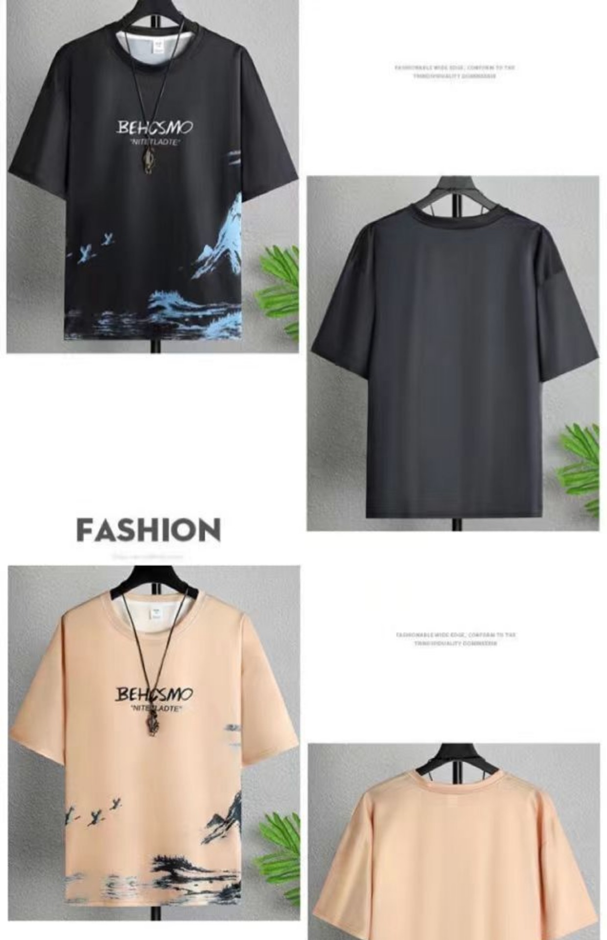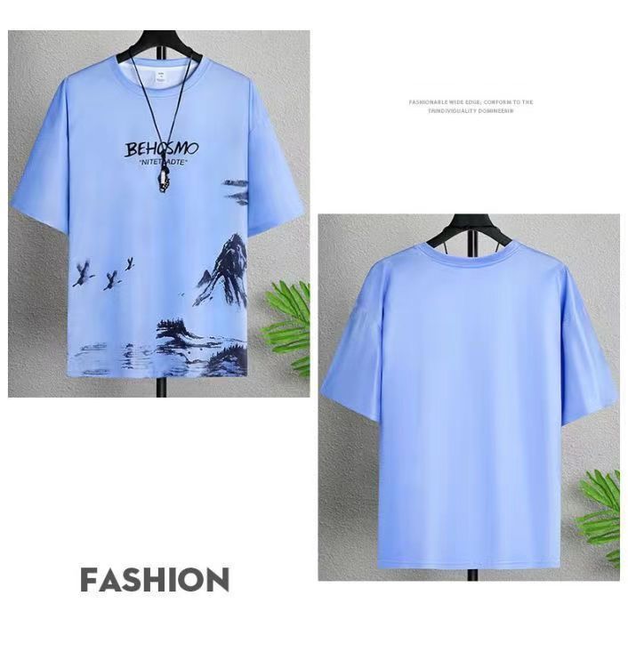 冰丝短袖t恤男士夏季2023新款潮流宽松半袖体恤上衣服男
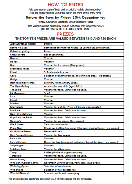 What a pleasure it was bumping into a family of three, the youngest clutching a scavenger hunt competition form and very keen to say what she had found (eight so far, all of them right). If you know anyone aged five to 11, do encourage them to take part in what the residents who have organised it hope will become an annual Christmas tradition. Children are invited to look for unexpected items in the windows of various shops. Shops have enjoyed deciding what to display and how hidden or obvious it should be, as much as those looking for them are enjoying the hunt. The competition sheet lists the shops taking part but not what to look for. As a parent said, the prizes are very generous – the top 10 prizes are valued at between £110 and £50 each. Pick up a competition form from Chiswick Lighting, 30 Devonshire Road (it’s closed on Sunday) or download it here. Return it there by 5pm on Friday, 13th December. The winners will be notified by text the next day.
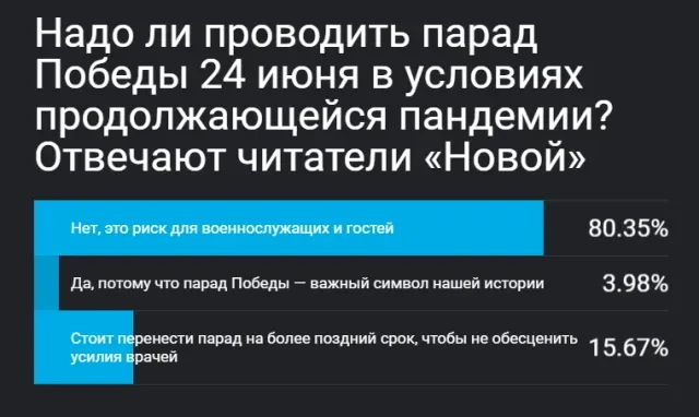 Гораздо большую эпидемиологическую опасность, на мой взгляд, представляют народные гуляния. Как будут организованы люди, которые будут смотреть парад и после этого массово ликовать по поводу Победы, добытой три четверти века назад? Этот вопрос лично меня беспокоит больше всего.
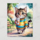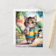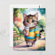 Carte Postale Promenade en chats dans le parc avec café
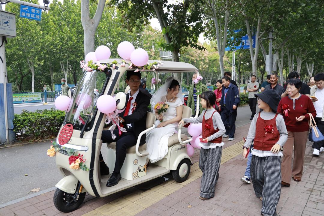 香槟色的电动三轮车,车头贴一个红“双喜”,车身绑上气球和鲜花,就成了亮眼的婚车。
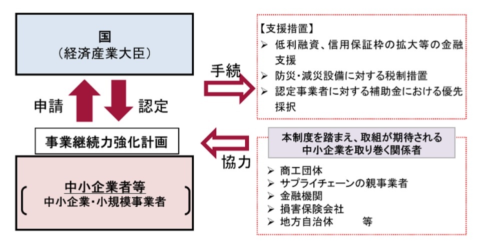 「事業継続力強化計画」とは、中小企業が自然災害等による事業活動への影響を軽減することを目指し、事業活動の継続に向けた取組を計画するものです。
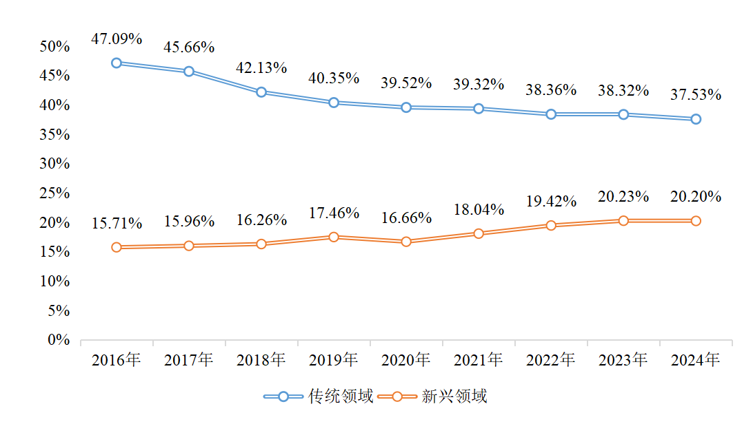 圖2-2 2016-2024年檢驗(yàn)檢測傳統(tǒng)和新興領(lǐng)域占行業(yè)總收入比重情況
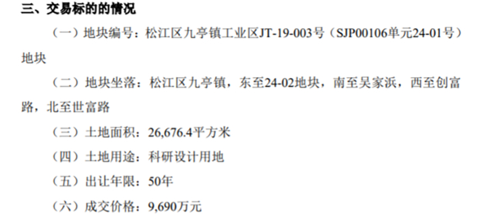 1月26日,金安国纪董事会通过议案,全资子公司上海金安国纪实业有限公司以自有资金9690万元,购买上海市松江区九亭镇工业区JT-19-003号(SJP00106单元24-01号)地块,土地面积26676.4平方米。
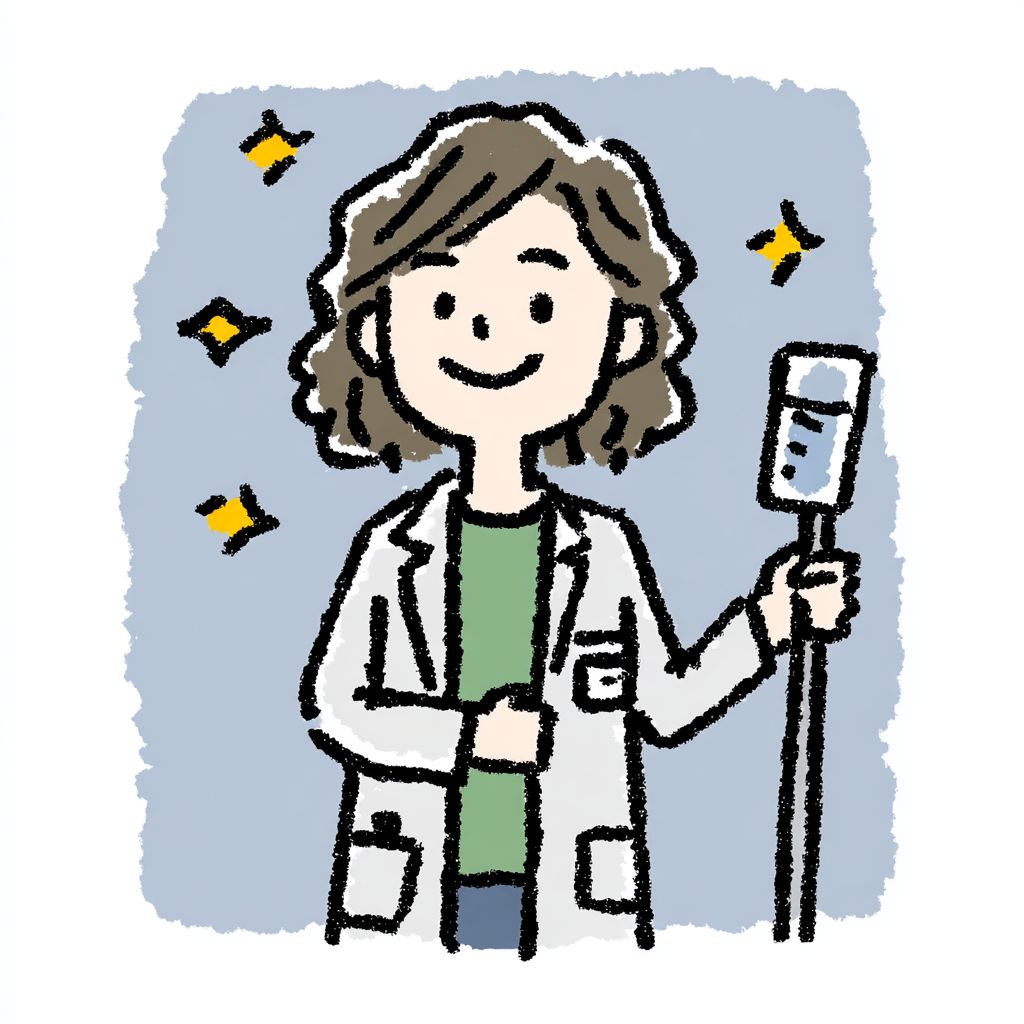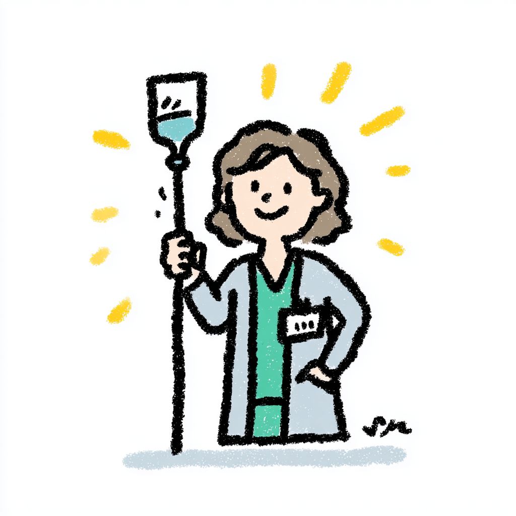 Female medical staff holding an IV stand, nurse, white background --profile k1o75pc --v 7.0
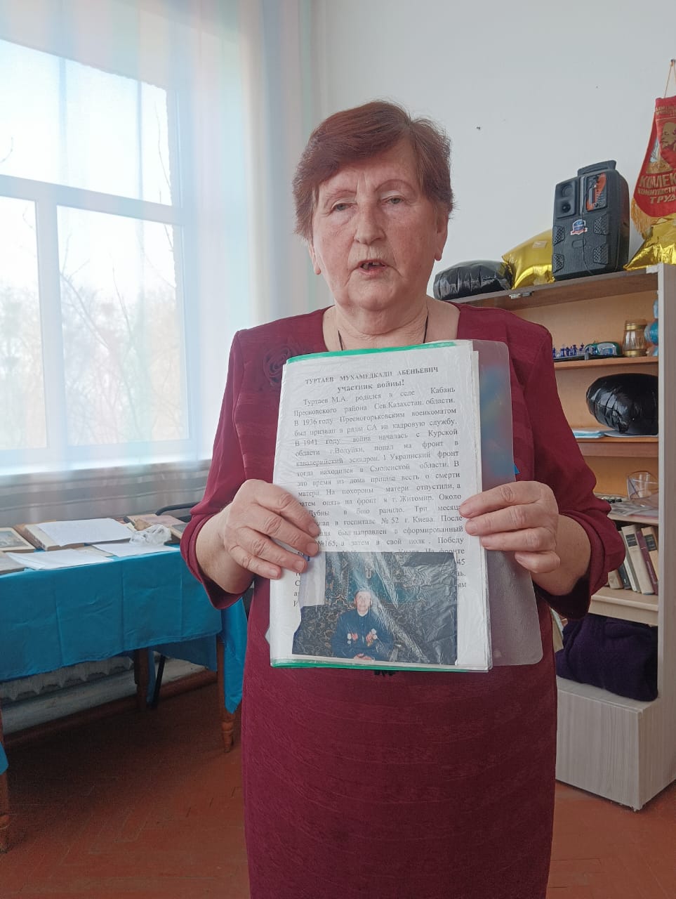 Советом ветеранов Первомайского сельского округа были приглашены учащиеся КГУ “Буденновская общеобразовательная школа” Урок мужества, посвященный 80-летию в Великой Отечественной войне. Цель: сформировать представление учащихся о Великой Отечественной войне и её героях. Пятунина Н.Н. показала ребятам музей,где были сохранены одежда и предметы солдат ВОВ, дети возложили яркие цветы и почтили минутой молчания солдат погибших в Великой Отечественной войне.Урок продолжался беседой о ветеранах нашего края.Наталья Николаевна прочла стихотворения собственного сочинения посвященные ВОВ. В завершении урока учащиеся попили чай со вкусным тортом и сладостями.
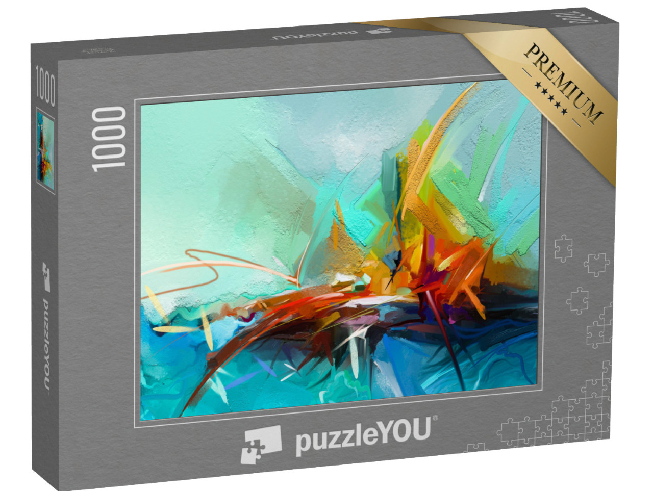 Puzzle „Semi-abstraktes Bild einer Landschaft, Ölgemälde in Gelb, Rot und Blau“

*Problem requirements*
Within the listing above, the lines starting at the one containing "香槟色的电动三轮车,车头贴一" and ending at the one containing "Female medical staff" are to be returned exactly. Omit the pictures.

*Result of this task*
 香槟色的电动三轮车,车头贴一个红“双喜”,车身绑上气球和鲜花,就成了亮眼的婚车。
 「事業継続力強化計画」とは、中小企業が自然災害等による事業活動への影響を軽減することを目指し、事業活動の継続に向けた取組を計画するものです。
 圖2-2 2016-2024年檢驗(yàn)檢測傳統(tǒng)和新興領(lǐng)域占行業(yè)總收入比重情況
 1月26日,金安国纪董事会通过议案,全资子公司上海金安国纪实业有限公司以自有资金9690万元,购买上海市松江区九亭镇工业区JT-19-003号(SJP00106单元24-01号)地块,土地面积26676.4平方米。
 Female medical staff holding an IV stand, nurse, white background --profile k1o75pc --v 7.0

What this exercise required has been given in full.